I’m going to talk statistics. My wife recently took an advanced statistics course as part of her Masters program, and we ended up talking about what she learned. A lot. In particular, we spent a lot of time talking about how people misunderstand statistics. Common examples:
- Statistics apply only to large numbers. If you don’t have a large enough data set, you can’t get anything meaningful out of the statistic. For instance, if I poll just ten people, I have too small a sample set to come to a decent conclusion.
- Statistics apply globally, not locally. For instance, a woman has an 13% chance of getting breast cancer if she lives to age 85. This doesn’t mean your five-year-old daughter has a 1 in 8 chance of having breast cancer right now. Take a group of people over the span of 85 years, and you end up with that stat.
- Drawing statistics from a small sample set, without looking at a similar larger sample set, leads to incorrect conclusion. If 97.7% of prison inmates eat meat, one might assume a correlation between eating meat and likelihood of becoming a prisoner until you measure the general population and find that 2.3% of the US population are vegetarians. The statistic has no particular meaning in a more limited context, it just reflects the similar statistic of the overall population.
- Correlation does not equal causation. Just because two statistics tend to have some sort of relationship to one another doesn’t mean one causes the other. It does mean, however, that there is some sort of relationship there which might be worth exploring.

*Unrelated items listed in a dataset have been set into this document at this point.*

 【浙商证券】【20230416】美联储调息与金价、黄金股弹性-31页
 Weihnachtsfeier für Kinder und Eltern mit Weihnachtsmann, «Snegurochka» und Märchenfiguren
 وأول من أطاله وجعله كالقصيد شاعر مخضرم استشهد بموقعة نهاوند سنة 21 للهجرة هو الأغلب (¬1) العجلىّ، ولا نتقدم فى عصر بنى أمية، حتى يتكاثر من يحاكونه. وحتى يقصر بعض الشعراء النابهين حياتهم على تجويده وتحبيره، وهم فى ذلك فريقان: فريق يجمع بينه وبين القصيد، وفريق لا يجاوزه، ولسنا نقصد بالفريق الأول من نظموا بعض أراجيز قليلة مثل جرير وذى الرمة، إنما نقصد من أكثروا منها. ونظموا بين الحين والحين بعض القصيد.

- Discarding data that goes against your hypothesis. This is called “counting the hits and ignoring the misses”. For instance, people will often blame the weatherman for mis-calling a forecast, ignoring his 90% three-day-forecast success rate* the rest of the year. People remember the days he flubbed it, and forget the days things went as planned.

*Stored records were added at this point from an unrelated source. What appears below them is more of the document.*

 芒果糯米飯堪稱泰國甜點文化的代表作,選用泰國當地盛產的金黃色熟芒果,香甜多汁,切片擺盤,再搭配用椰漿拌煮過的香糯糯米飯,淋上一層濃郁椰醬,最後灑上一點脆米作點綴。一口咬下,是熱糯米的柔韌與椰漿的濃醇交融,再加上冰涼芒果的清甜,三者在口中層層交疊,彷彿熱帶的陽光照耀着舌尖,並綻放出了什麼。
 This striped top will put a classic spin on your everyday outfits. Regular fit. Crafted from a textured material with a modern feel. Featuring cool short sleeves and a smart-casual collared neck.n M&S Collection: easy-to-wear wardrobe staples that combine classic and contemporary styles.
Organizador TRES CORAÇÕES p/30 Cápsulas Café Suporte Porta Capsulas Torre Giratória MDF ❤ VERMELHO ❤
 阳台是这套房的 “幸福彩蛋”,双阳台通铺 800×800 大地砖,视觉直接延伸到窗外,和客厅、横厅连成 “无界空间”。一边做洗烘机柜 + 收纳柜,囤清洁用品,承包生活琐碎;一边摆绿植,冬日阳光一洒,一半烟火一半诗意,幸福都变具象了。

- Choosing one point in a data set. Psychics often point to a single or a few tests in an examination that support their claim to be psychics. Although those exceptional results are outliers on the bell curve of probability, since they were not repeatable, they are not exceptional in the overall arc of testing.
Now to my specific complaint:
If I hear one more person say “if scientists can’t even predict the weather, how can they predict global warming?”, I’m going to scream. Ongoing climate change, including the current upward temperature trend, isn’t a hypothesis based on weather forecasts!
The weather forecast in your home town is a teeny, tiny part of an enormous chaotic system. That chaotic system, however, is a self-contained ecosystem, and the overall ecosystem can be measured — and statistics drawn — many different ways to come up with accurate global statistics that have precisely jack to do with weather you should carry an umbrella tomorrow.
For more information on how people misunderstand and abuse statistics, read How to Lie With Statistics.
* Note: Of course, that success rate has its own sub-set of ranges of temperatures and weather conditions where it might be considered a hit or a miss. The forecast for the coming weekend is going to change a lot between Monday and Friday. However, three-day forecasts are currently pretty accurate most of the time, particularly if you look at aviation charts. The moral of the story: three-day forecasts are really useful to plan your weekend, and mostly accurate. Beyond that, anything can happen because it’s a chaotic system.